▶ [PROVIDED MATERIAL]
== == ==

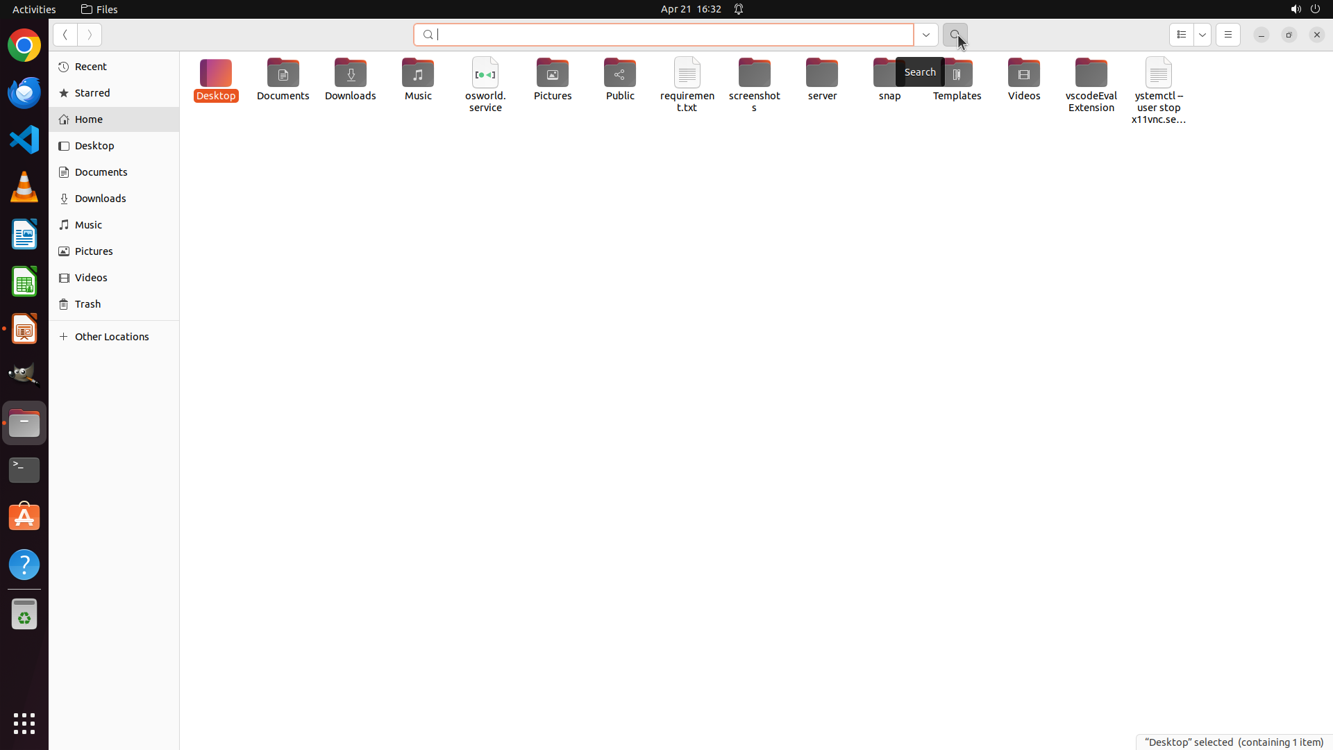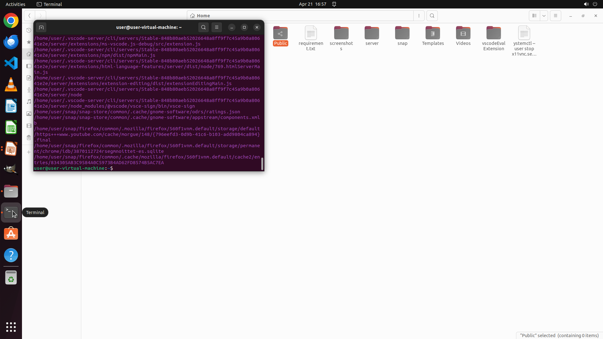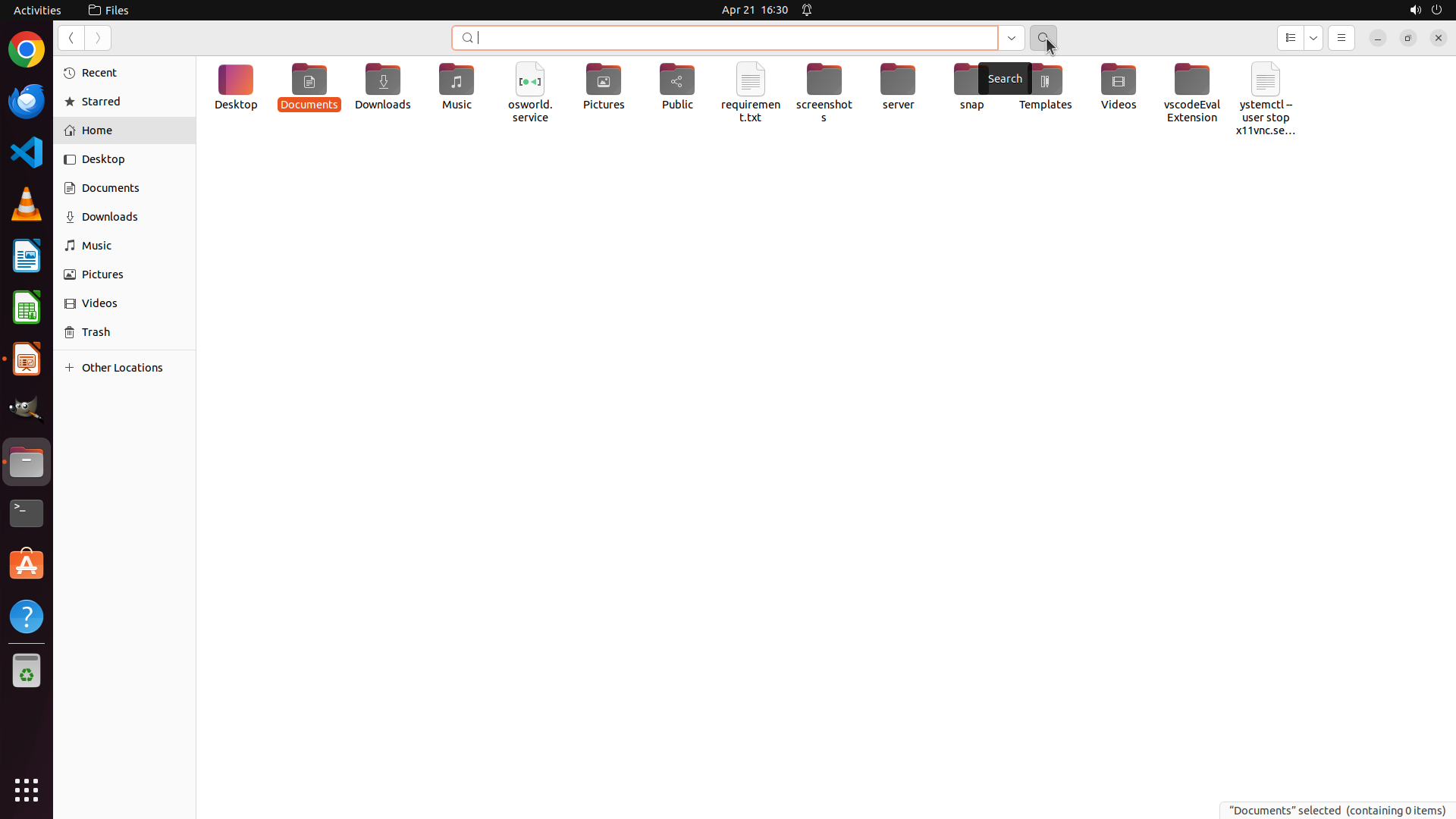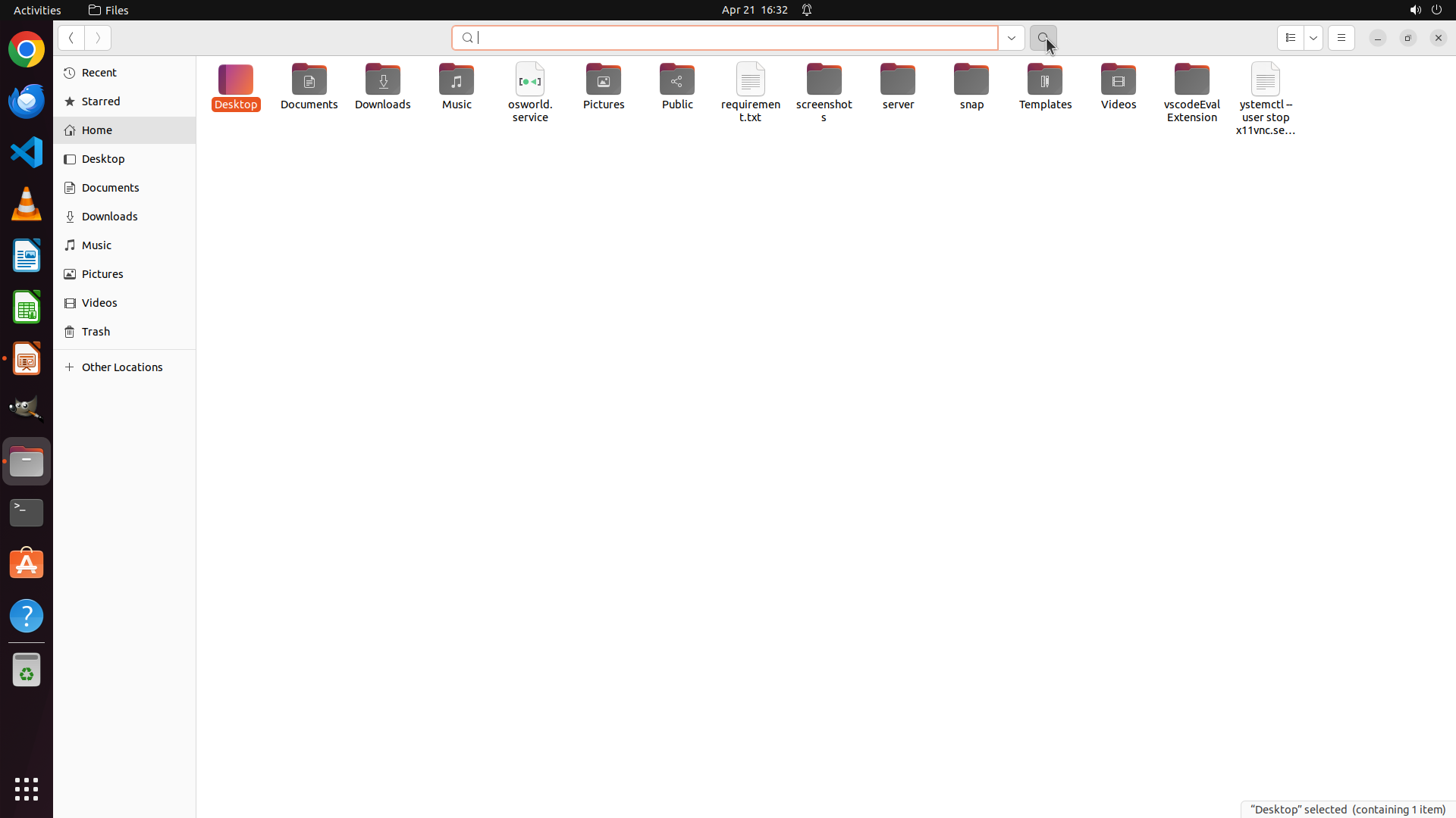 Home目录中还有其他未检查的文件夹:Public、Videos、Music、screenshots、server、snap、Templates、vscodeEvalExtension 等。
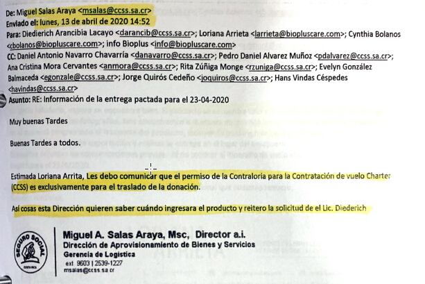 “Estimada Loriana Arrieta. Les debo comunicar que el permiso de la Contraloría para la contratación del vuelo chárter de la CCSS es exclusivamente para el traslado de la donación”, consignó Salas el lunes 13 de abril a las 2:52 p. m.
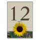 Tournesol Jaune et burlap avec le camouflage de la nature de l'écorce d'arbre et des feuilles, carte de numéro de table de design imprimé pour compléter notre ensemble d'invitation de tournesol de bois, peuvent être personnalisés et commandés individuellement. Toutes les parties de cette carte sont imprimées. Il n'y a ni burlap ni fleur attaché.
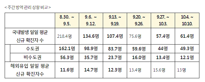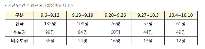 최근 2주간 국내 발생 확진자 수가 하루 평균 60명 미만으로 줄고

== == ==

▶ [WHAT TO PRODUCE] Without the pictures, return the whole of the data exactly as given.

▶ [TASK SOLUTION]
 Home目录中还有其他未检查的文件夹:Public、Videos、Music、screenshots、server、snap、Templates、vscodeEvalExtension 等。
 “Estimada Loriana Arrieta. Les debo comunicar que el permiso de la Contraloría para la contratación del vuelo chárter de la CCSS es exclusivamente para el traslado de la donación”, consignó Salas el lunes 13 de abril a las 2:52 p. m.
 Tournesol Jaune et burlap avec le camouflage de la nature de l'écorce d'arbre et des feuilles, carte de numéro de table de design imprimé pour compléter notre ensemble d'invitation de tournesol de bois, peuvent être personnalisés et commandés individuellement. Toutes les parties de cette carte sont imprimées. Il n'y a ni burlap ni fleur attaché.
 최근 2주간 국내 발생 확진자 수가 하루 평균 60명 미만으로 줄고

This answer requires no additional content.